→ **Description of the task**
Set down the data below exactly; pictures stay out.

→ **Dataset extract**
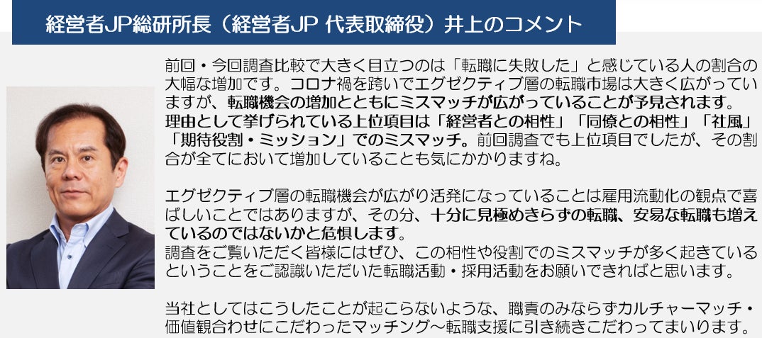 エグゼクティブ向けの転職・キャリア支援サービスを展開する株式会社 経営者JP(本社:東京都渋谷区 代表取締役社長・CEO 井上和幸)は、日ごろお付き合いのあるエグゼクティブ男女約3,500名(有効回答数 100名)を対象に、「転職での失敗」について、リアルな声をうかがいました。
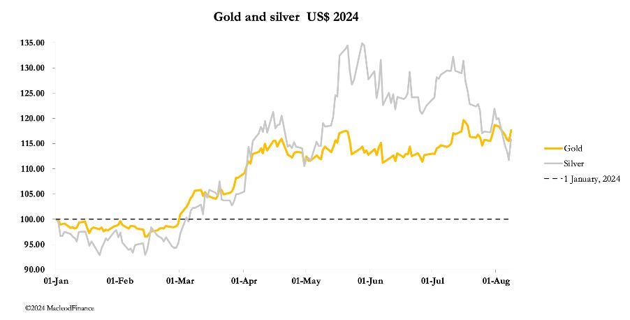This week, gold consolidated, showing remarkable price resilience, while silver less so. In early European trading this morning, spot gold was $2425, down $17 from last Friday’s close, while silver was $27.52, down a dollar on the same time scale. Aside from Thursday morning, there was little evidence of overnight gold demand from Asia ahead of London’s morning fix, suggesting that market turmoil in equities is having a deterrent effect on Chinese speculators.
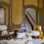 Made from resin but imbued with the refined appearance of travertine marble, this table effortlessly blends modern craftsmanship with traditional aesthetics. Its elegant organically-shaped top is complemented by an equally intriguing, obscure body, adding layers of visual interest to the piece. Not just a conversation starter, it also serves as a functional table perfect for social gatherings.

→ **Reply**
 エグゼクティブ向けの転職・キャリア支援サービスを展開する株式会社 経営者JP(本社:東京都渋谷区 代表取締役社長・CEO 井上和幸)は、日ごろお付き合いのあるエグゼクティブ男女約3,500名(有効回答数 100名)を対象に、「転職での失敗」について、リアルな声をうかがいました。
This week, gold consolidated, showing remarkable price resilience, while silver less so. In early European trading this morning, spot gold was $2425, down $17 from last Friday’s close, while silver was $27.52, down a dollar on the same time scale. Aside from Thursday morning, there was little evidence of overnight gold demand from Asia ahead of London’s morning fix, suggesting that market turmoil in equities is having a deterrent effect on Chinese speculators.
 Made from resin but imbued with the refined appearance of travertine marble, this table effortlessly blends modern craftsmanship with traditional aesthetics. Its elegant organically-shaped top is complemented by an equally intriguing, obscure body, adding layers of visual interest to the piece. Not just a conversation starter, it also serves as a functional table perfect for social gatherings.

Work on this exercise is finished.